Gould calls these things constraints on evolution. There are a number of them, one is historical: nature doesn't reinvent the wheel when it doesn't have to. If it can modify something instead, it will tend to do that rather than create a new feature out of nothing. -
Increased rate in traffic accidents
You seem to know about this field. Can you translate this part for me?
Separate logistic regression for RhD-negative subjects showed a 2.53 times higher risk of traffic accidents in Toxoplasma-infected than Toxoplasma-free subjects (CI95: 1.12–5.7, t = 2.23, P = 0.026). http://www.biomedcentral.com/1471-2334/9/72
Are they really saying that this is causing "2.53 times higher risk of traffic accidents" among their infected population of Czech male military draftees???
Imagine the repercussions if this is found to be also true in other populations (not that it will be, and not that correlation equals causation, but...):
Car Insurance rates (or driver licenses) could start depending on the results of those blood tests.

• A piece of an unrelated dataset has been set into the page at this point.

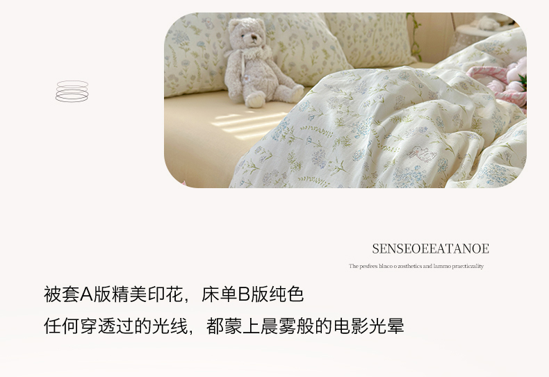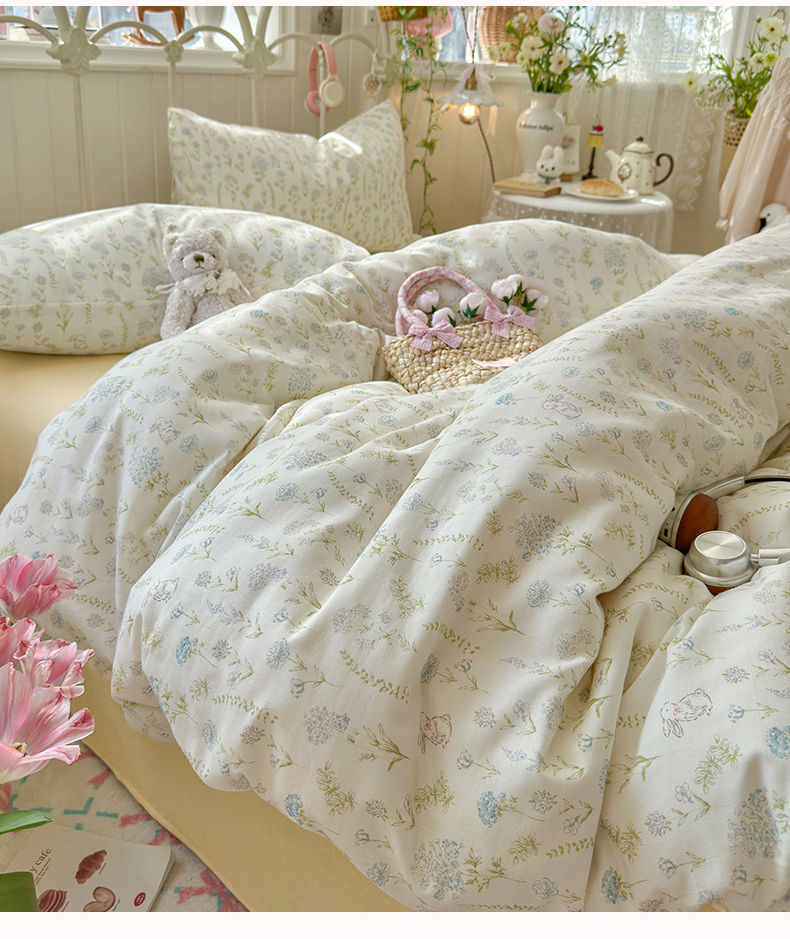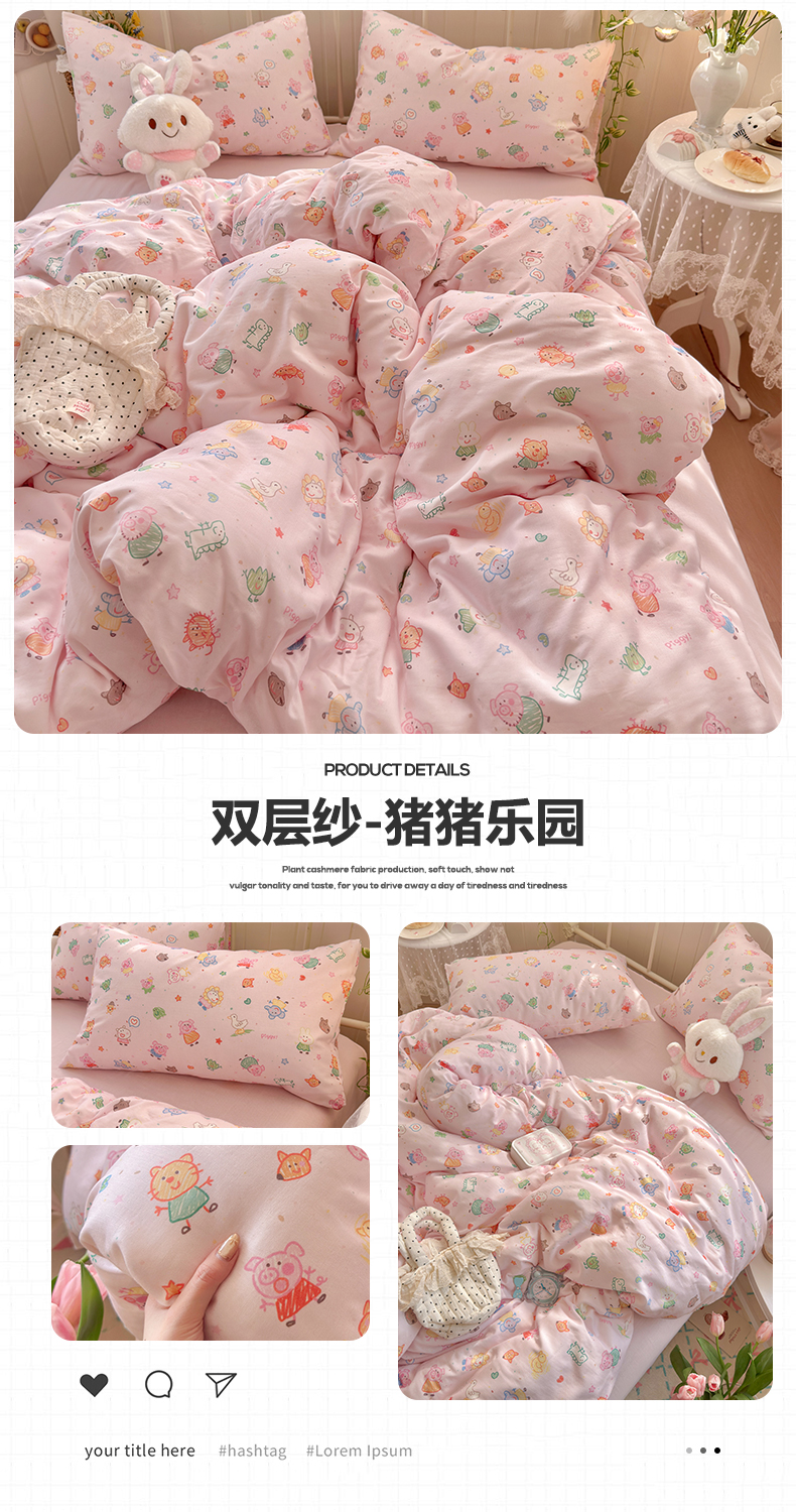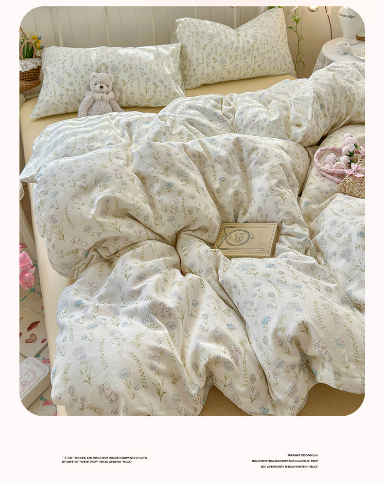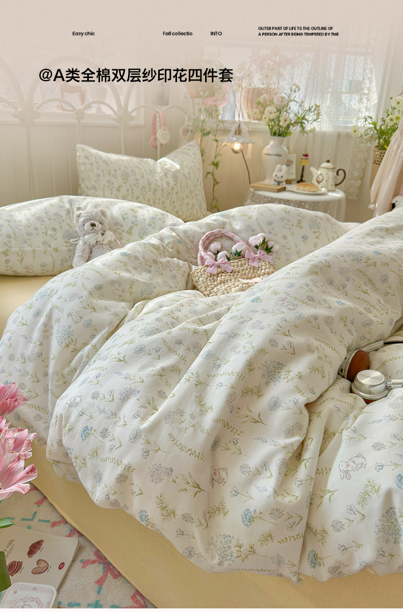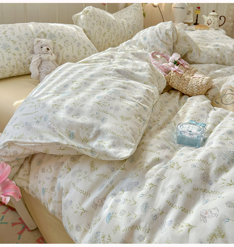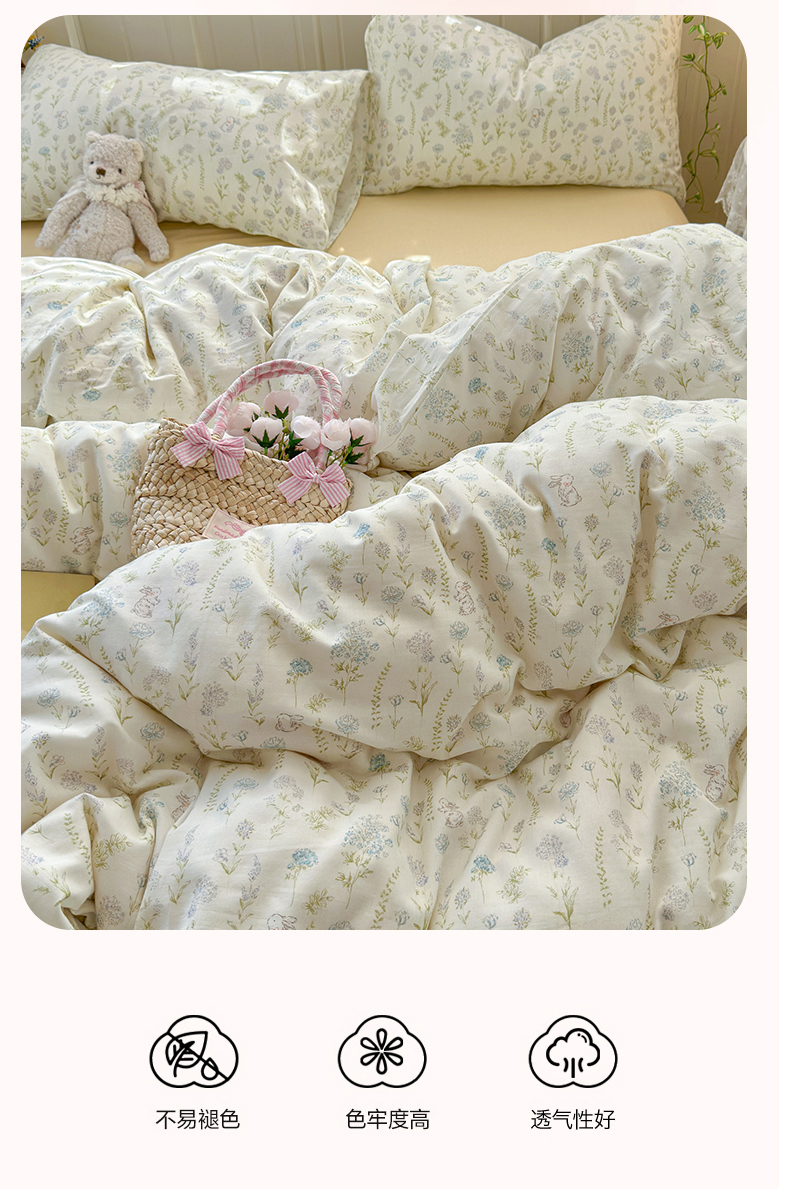 当前位置: 91家纺网 > 商品网购 > 床品套件 > 四件套 > 全棉普通四件套 > 名兮家居 2026春夏新款全棉纯棉A类双层纱四件套 双层纱-晴天兔
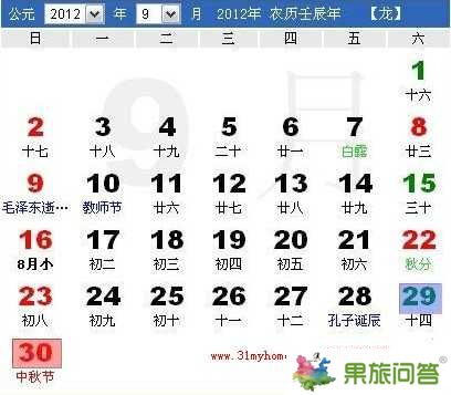 9月30日至10月7日放假調(diào)休,共8天。9月29日(星期六)上班。

Criminal sentencing could be affected by the results of those tests. And at the very minimum, the next time you'd fill out a questionnaire for getting car insurance, or filling out an application for becoming a truck driver or operating heavy machinery, or applying to get into the military, you'd be asked all kinds of questions about your history with cats (whether you owned one, your significant other owned one, or whether your family ever owned one while you were growing up).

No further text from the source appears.